Work order :: Copy every line of the data exactly, keeping out any picture.

Data extract ::
·····

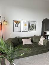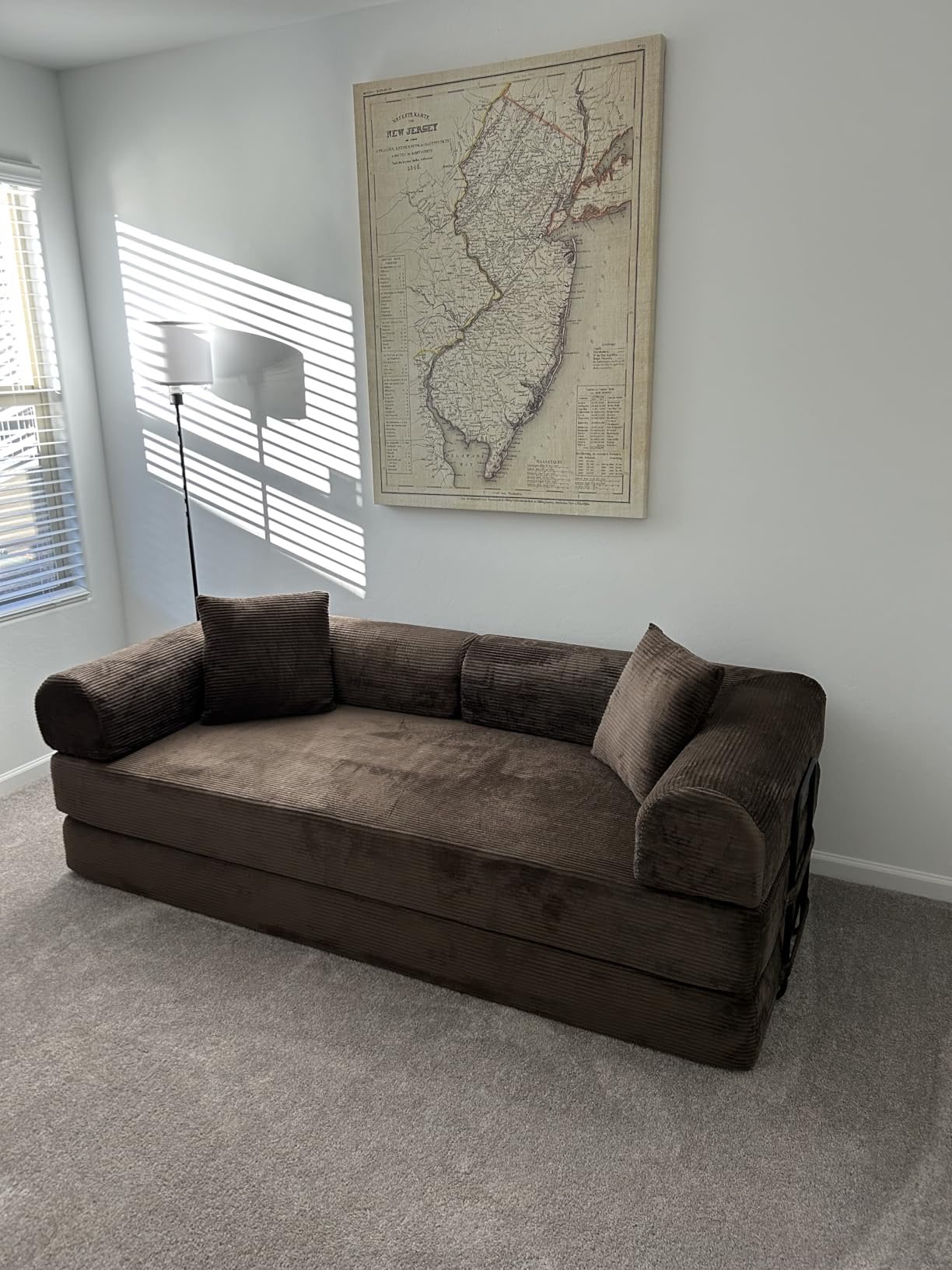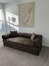We love this couch. It is extremely comfortable, and its perfect for customizing what you need it for in a given space. We usually have it flat on the floor as a guant dog bed since we have an elderly dog thats starting to have a hard time jumping up. We watch movies on it as a bed, snuggle with the dogs, hang out. It's perfect. And then we can turn it into a couch and have the whole room open. Its also light enough i can do all of that myself with heds. The fabric is soft, the foam is dense and supportive... I would recommend this to anyone.
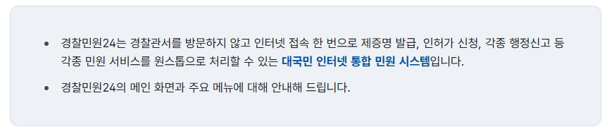 • 경찰민원24시 홈페이지는 경찰 관련 민원을 온라인으로 처리할 수 있는 통합 플랫폼입니다.
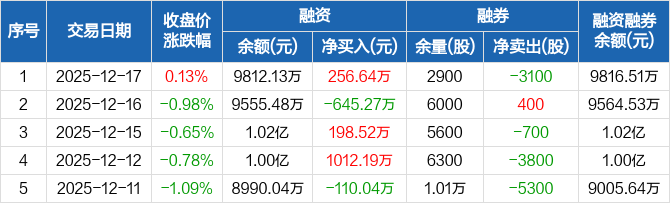 龙源电力:融资净买入256.64万元,融资余额9812.13万元(12-17)
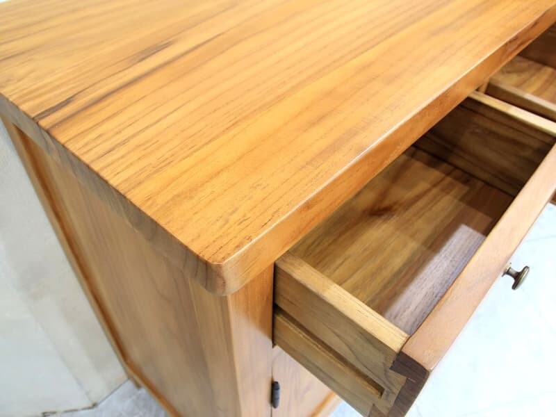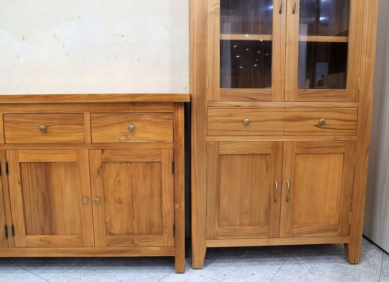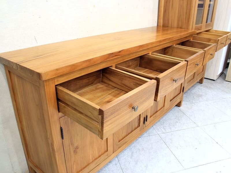 | 材質 | 板材 : 100%印尼柚木全實木材質,骨架厚實堅固耐用 塗裝 : 噴漆倒角做工質感細緻 五金 : 抽屜採木製軌道,門片防塵蓋設計, 門內固定隔板 , 古銅色金屬把手 |

·····

The completed task ::
We love this couch. It is extremely comfortable, and its perfect for customizing what you need it for in a given space. We usually have it flat on the floor as a guant dog bed since we have an elderly dog thats starting to have a hard time jumping up. We watch movies on it as a bed, snuggle with the dogs, hang out. It's perfect. And then we can turn it into a couch and have the whole room open. Its also light enough i can do all of that myself with heds. The fabric is soft, the foam is dense and supportive... I would recommend this to anyone.
 • 경찰민원24시 홈페이지는 경찰 관련 민원을 온라인으로 처리할 수 있는 통합 플랫폼입니다.
 龙源电力:融资净买入256.64万元,融资余额9812.13万元(12-17)
 | 材質 | 板材 : 100%印尼柚木全實木材質,骨架厚實堅固耐用 塗裝 : 噴漆倒角做工質感細緻 五金 : 抽屜採木製軌道,門片防塵蓋設計, 門內固定隔板 , 古銅色金屬把手 |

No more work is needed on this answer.